Place API gateway in front of the monolith
Gradually redirect traffic to new microservices
Keep the monolith running until fully replaced

Database Decoupling:

Identify data ownership boundaries
Implement CDC (Change Data Capture) for transition period
Create service-specific databases or schemas

Infrastructure Preparation:

Set up Kubernetes clusters with proper resource allocation
Implement service mesh for communication (Istio/Linkerd)
Configure CI/CD pipelines for each microservice

Incremental Migration:

Start with least critical, least connected components
Implement feature flags for risk management
Run parallel testing between old and new implementations

Observability Integration:

Implement distributed tracing across services
Set up centralized logging and monitoring
Create service-specific dashboards and alerts

Post-Migration Optimization:

Remove deprecated monolith components
Optimize resource allocation and scaling policies
Document architecture and operational procedures

Q: If a production server went down, what actions would you take?

A: When a production server goes down, my immediate actions would be:

Acknowledge the incident:

Check monitoring alerts to understand the scope
Notify stakeholders via established communication channels

Initial assessment:

Verify if it's an isolated server issue or broader system failure
Check infrastructure dashboards (AWS/GCP console, Grafana)
Review recent deployments or changes

Implement immediate mitigation:

If AWS/GCP instance: Check for termination/stop events or health checks
For Kubernetes pods: Check logs, events, and resource constraints
Attempt restart or failover to replicas if available

Deeper diagnosis:

Review logs in ELK/CloudWatch/StackDriver
Check for resource exhaustion (CPU/memory/disk)
Verify network connectivity and security group settings

Resolution:

Apply fix based on root cause (scaling, configuration update, rollback)
Verify service restoration via monitoring and health checks
Update load balancers or DNS if needed

Post-incident actions:

Document incident details
Schedule a post-mortem meeting
Implement preventative measures (improved monitoring, automated recovery)

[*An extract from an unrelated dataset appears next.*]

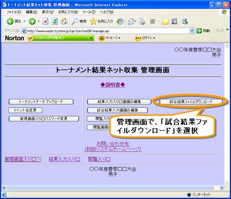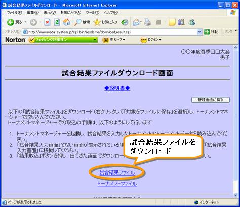 インターネットで集めた試合結果データは、ダウンロードしてトーナメントマネージャーで 取り込み可能です。

Q: In one project, a production server got attacked from an outsider. How would you handle the situation? What primary actions would you take?

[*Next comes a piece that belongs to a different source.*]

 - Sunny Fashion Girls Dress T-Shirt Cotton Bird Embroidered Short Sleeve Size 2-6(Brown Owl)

A: When a production server is attacked, here's how I'd handle it:

Immediate Containment:

Isolate the compromised server by restricting network access
Update security groups/firewall rules to block malicious IPs
If necessary, temporarily take the server offline

Evidence Collection:

Capture forensic snapshots of affected instances
Preserve logs before any cleanup (CloudTrail, VPC Flow Logs, application logs)
Document the timeline of events

Assess Impact and Scope:

Determine what systems were accessed and potential data exposure
Check for lateral movement to other servers
Review authentication logs for unauthorized access

Incident Response:

Follow company incident response plan
Notify security team and management
Engage AWS/GCP support if needed

Recovery:

Deploy clean server instances from known good AMIs/images
Restore from pre-attack backups if necessary
Apply all security patches and updates

Post-Attack Security Hardening:

Implement additional WAF rules
Review IAM permissions and access controls
Set up enhanced monitoring and alerting
Conduct vulnerability scans with tools like OWASP ZAP

Documentation and Prevention:

Document attack vectors and mitigation steps
Update runbooks and security protocols
Schedule security training for team members

Q: One of your backend applications is getting high traffic spikes and services are not responding. How do you troubleshoot?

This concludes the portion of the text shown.